The Many Named People

The Many Named People

Although most have since assimilated to their respective countries, for over a thousand years a non-Slav shepherd minority existed in the Balkans, speaking a Latin-based language and following their own traditions.  The Vlachs, also known as the Choban in Romania, the Vlasi in Slavic areas, the Tsintsar in Serbia, and officially as the Arumani, first coalesced as a people-group in the Roman colonies of Greece in the second century BCE as Roman occupiers raised families with the native Illyrian and Thracian people.  Their semi-nomadic lifestyle of herding sheep and breeding horses kept them a bit removed from the developing Slavic language, although they did tend to adopt the Eastern Orthodox religion. 

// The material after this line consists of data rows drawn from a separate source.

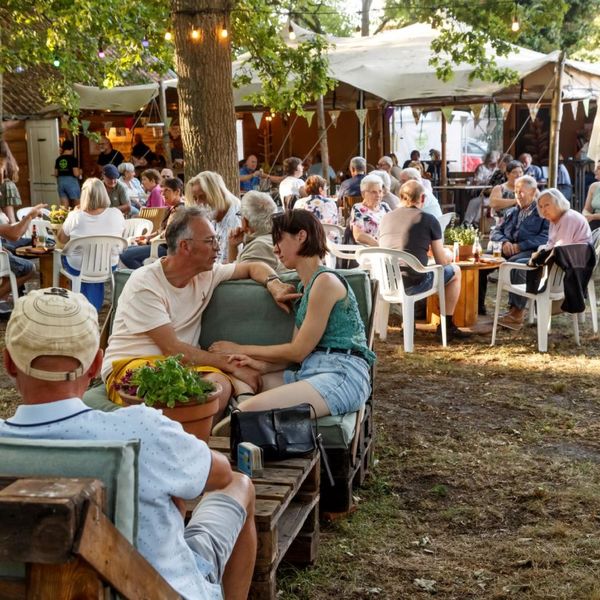 Host your party, meeting, or training session in the green oasis of the De Maten nature reserve. Our covered and heated Outdoor Bar accommodates 45 seated guests and features a spacious outdoor terrace. Perfect for any occasion, from drinks to business meetings. Beverages are available from the operator at affordable prices, and outside catering is permitted.
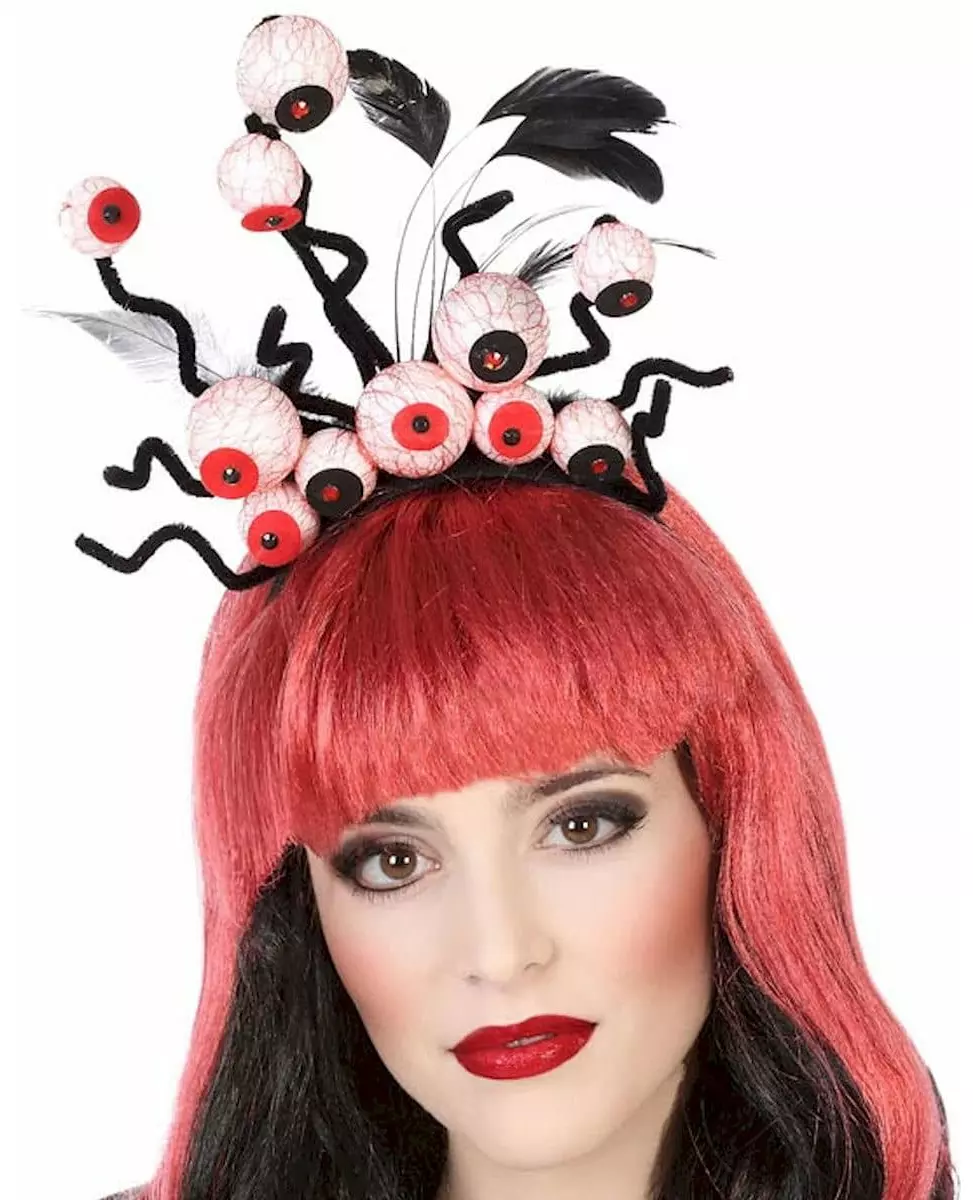 Fall for dette originale Halloween-kostymetilbehøret. Dette pannebåndet for voksne er svart med falske svarte og røde øyne. Disse er ledsaget av chenilletråder og små svarte fjær for en enda sprøere effekt! Dette tilbehøret vil være perfekt for å fullføre Halloween-kostymet ditt på en original og uvanlig måte. Inkludert tilbehør: Pannebånd
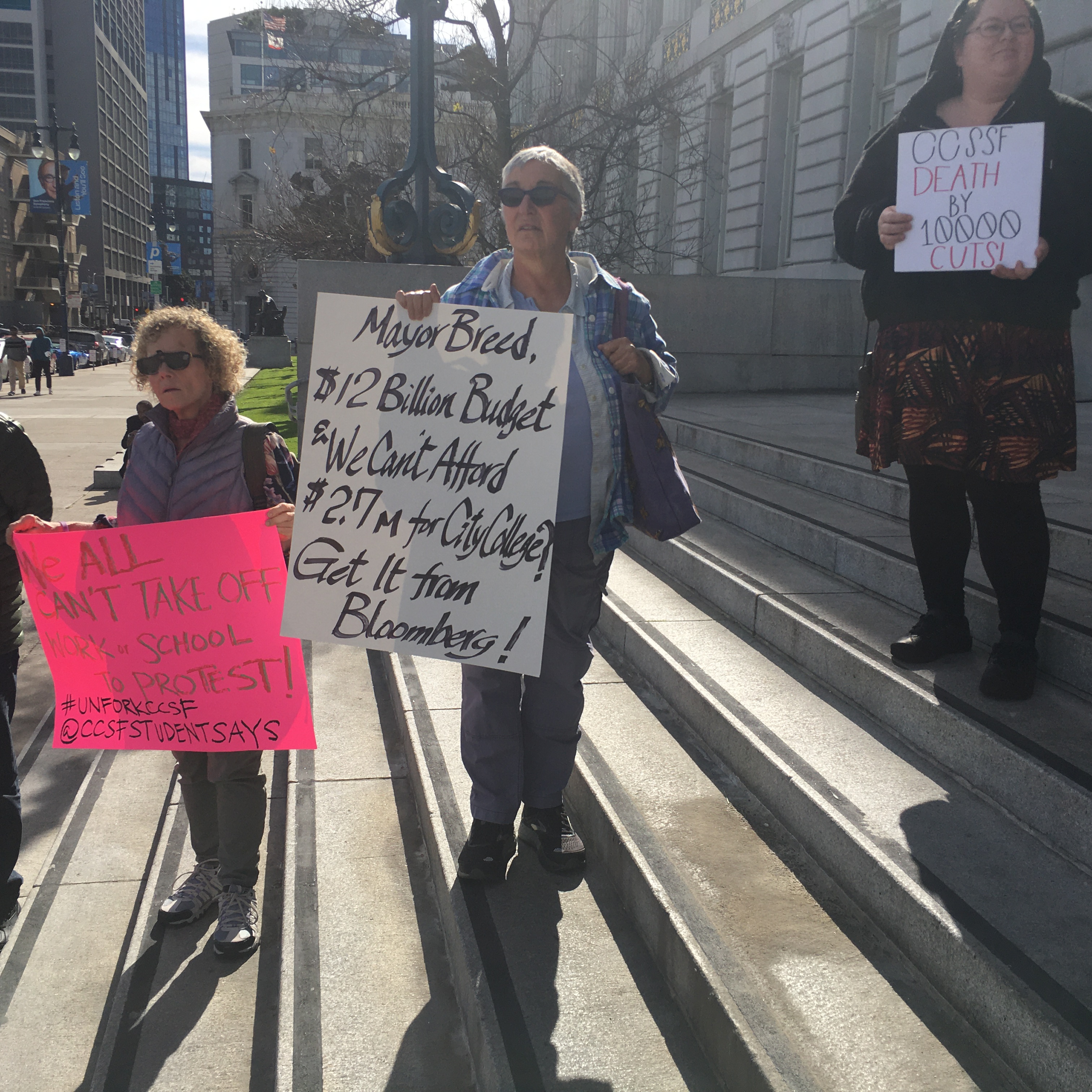 A rally was held at San Francisco City Hall to support $2.7 million for the re-institution of 300 classes that have canceled by the chancellor Mark Rocha with the support of the CCSF Board of Trustees

The main distinguishing features of the Vlachs have long been their Romance language and their transhumance ice, which involved migration between summer (highland) and winter (lowland) pastures. —Nicolas S Balamaci, 1995

The largest population of Vlachs is in Greece, where most are completely assimilated and many have lost their Vlach language, which is not taught in Greece.  However, there is a significant minority of Vlachs in Albania, and pockets of Vlachs in Macedonia and Serbia as well. 

Vlach shepherd in traditional dress
Vlach shepherd in traditional dress

The Vlach people were first mentioned around 976, when they were described as guides and guards of Roman caravans in the Balkans.  Their lifestyle lent them easily to this task, as their herding and wanderings mean they knew every inch of the mountains throughout the Balkan region.  They carried on with this when the Ottomans conquered the area – the only Christians who were given equal legal treatment with Muslim citizens in the Ottoman Empire.

Vlach Priest
Vlach Priest

The Ottomans used the Vlachs as guides, but also in the logistics of moving supplies and as quick-action raiders – but eventually these privileges began to end and the Vlachs moved their loyalties over to the Habsburgs.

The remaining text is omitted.